How to ID a High Country Mustang

For the first two years it was offered, there wasn’t a lot to differentiate the High Country Mustang from any other pony car. The package could be ordered on any Columbine Blue, Aspen Gold or Timberline Green Mustang and included little more than a special badging with the running horse logo above a mountain skyline. 1966 and 1967 High Country Mustangs were produced only at Ford’s San Jose plant.

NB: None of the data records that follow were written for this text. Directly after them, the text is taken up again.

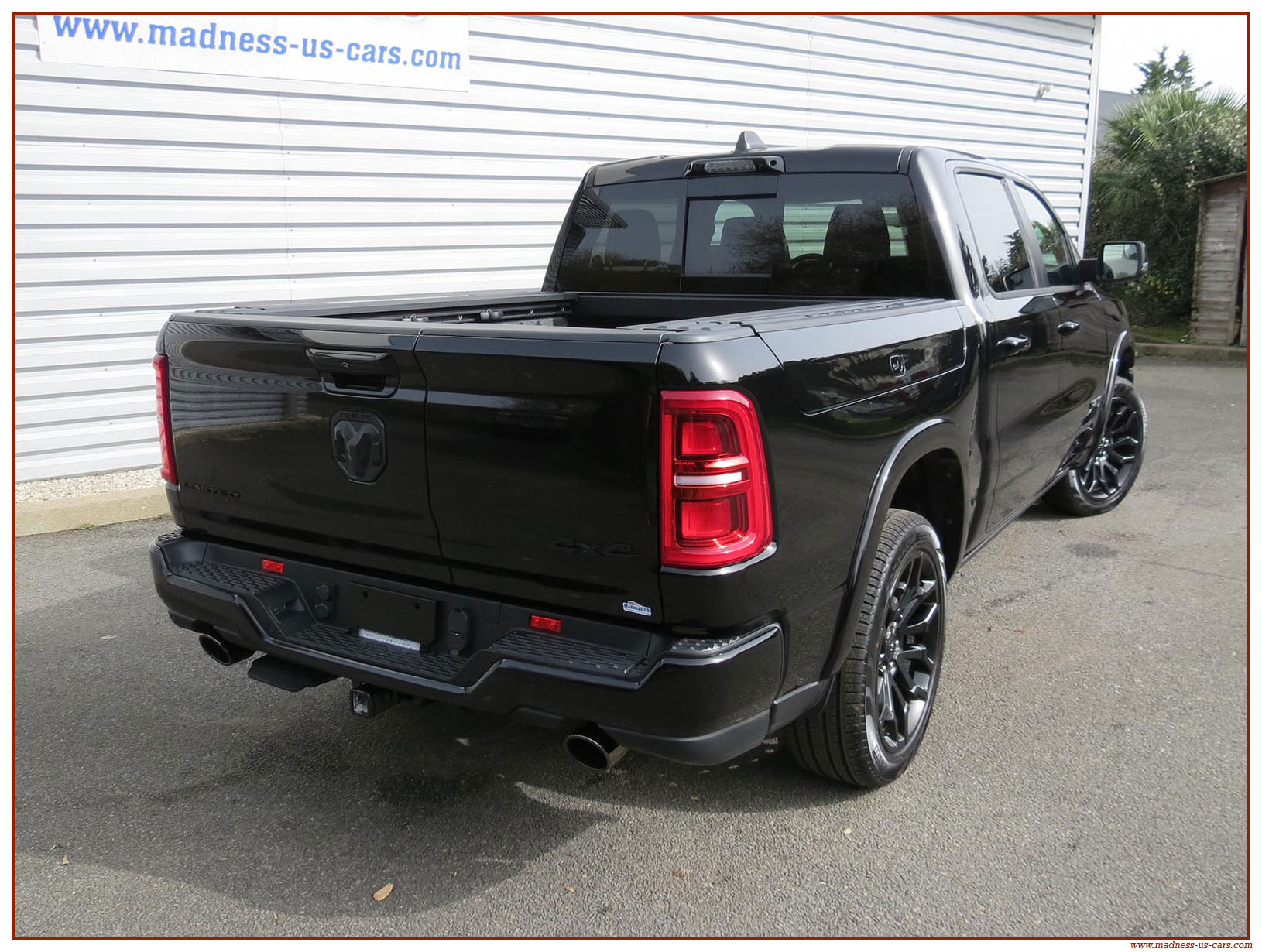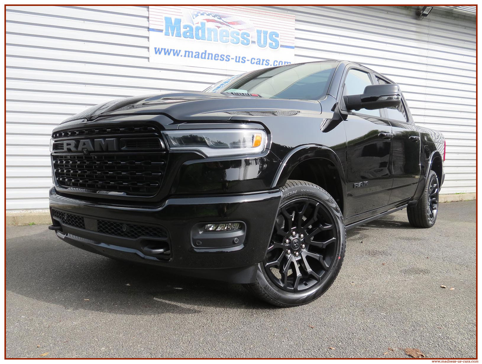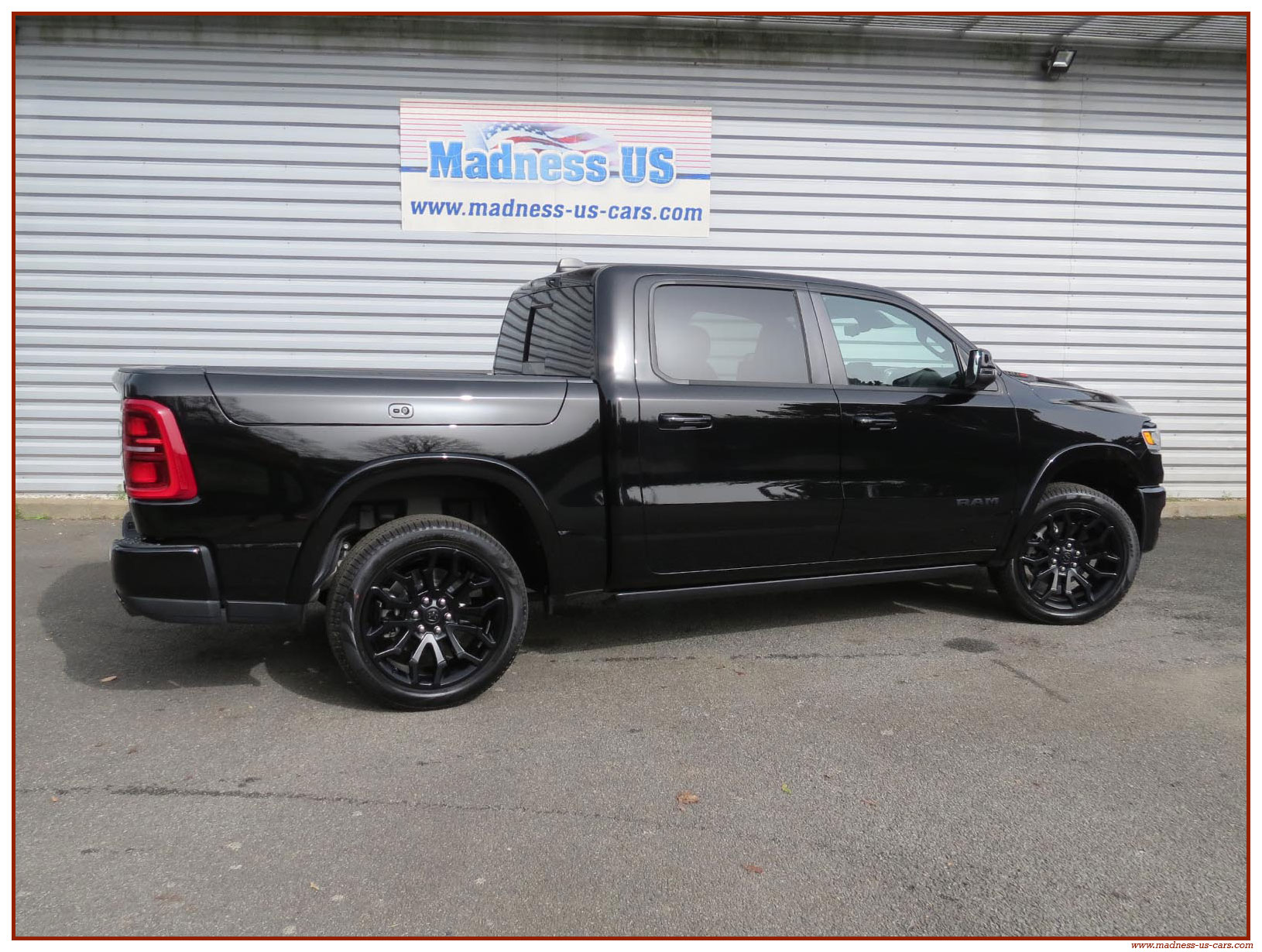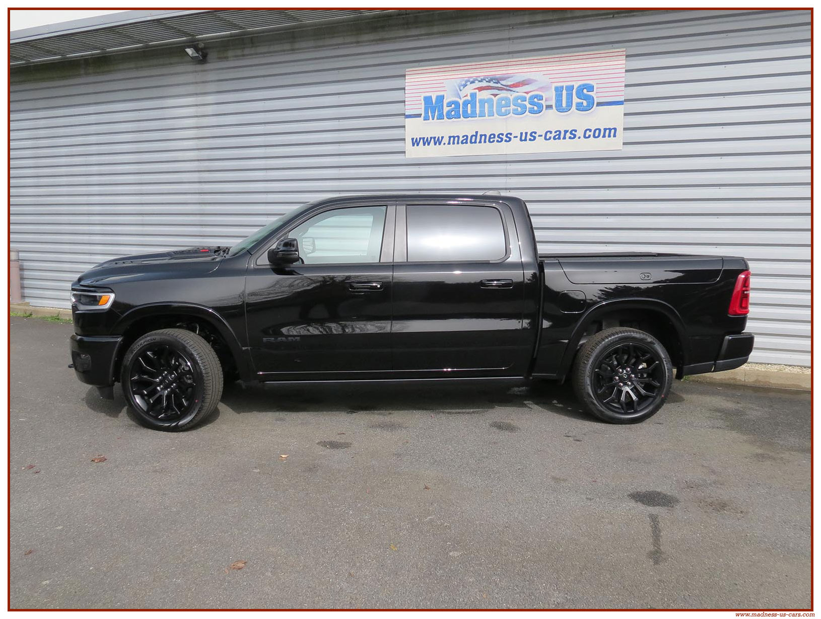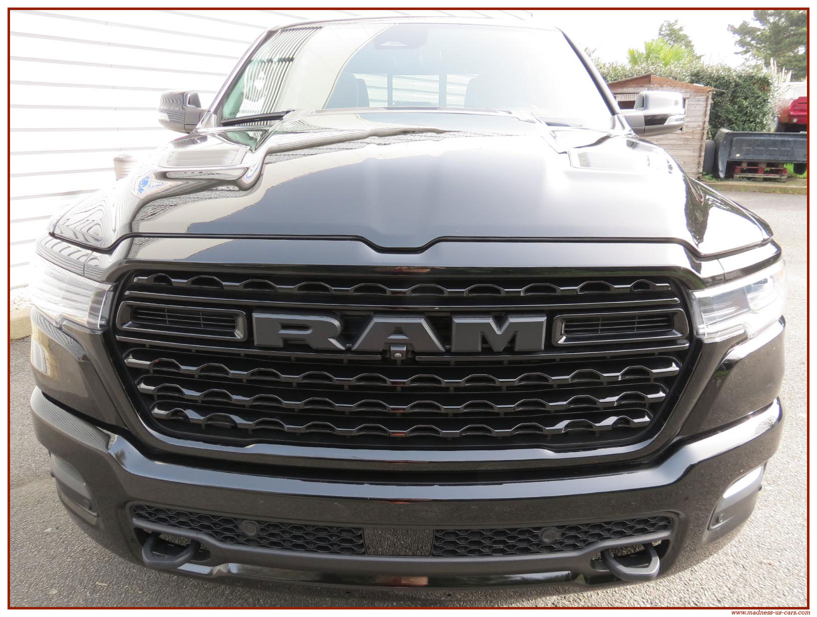 Madness US vous propose en France le nouveau Ram 1500 modèle 2025 dans la finition haut de gamme Limited avec le pack Night Edition. Ce package remplace les éléments chromés tels les jantes ou les pare chocs par des pièces de couleur noire. Ce Ram Limited 2025 Night Edition est équipé des coffres de bennes RamBox, des suspensions pneumatiques et du hayon multifonction. Le Ram 1500 Limited 2025 est équipé du nouveau moteur 6 cylindres en ligne Hurricane SST HO, ce moteur L6 Biturbo propose la puissance de 540 chevaux pour un couple de 705 Nm. Ce Ram 1500 de dernière génération, se singularise par sa montée en gamme, en effet il dispose d'équipements d'assistance à la conduite les plus modernes : Stationnement automatisé, aide au maintien dans la voie, régulateur de vitesse adaptatif avec freinage d'urgence, capteurs d'angle mort, caméra 360° ...
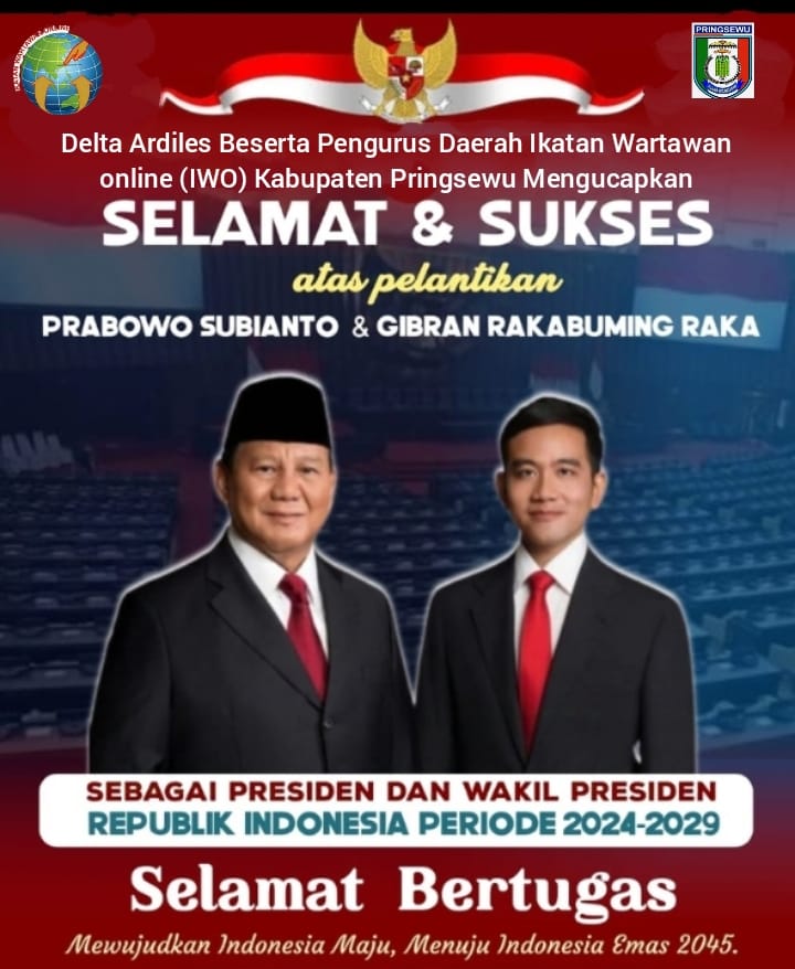 Ikatan Wartawan Online (IWO) mengucapkan selamat bekerja kepada Presiden Prabowo Subianto dan Wakil Presiden Gibran Rakabuming Raka setelah pelantikan keduanya. IWO berharap keduanya dapat menjalankan amanah dengan sebaik-baiknya sesuai dengan UUD 1945.
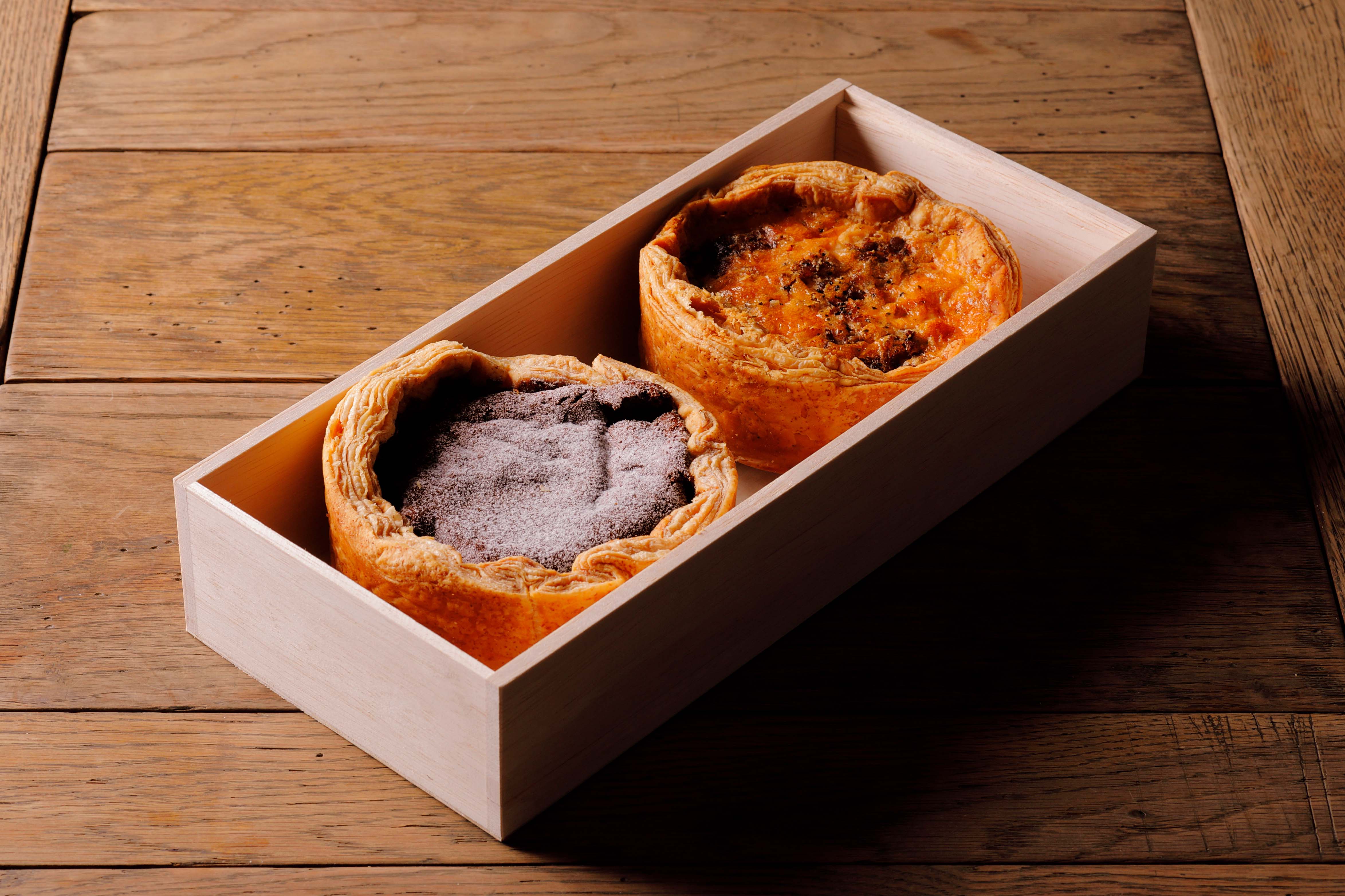 さっくり生地に、なめらかなチョコ食感が人気のガトーショコラパイと、山形牛の旨みを凝縮した和風キッシュのコンビ。

For 1968, production of the High Country Mustang became absorbed into the California Special program. Of the 4,118 California Special Mustangs produced, 251 were re-branded as “High Country Special ’68” models and sold exclusively in Colorado. As a result, instead of just the unique badging, the new High Country Special featured a number of exterior improvements and was available only as a hardtop.

Sales Details

333 High Country Mustangs were sold in 1966. The offer was a modest success, and Ford was encouraged to up production to 416 the following year. As mentioned above, 1968 saw a total of 251 High Country Mustangs roll off the assembly line. Today, the High Country Mustang is regarded as little more than a footnote in the car’s history, most remarkable for the argument it made for the viability of future limited editions, and the role it played in the history of the better-known California Special.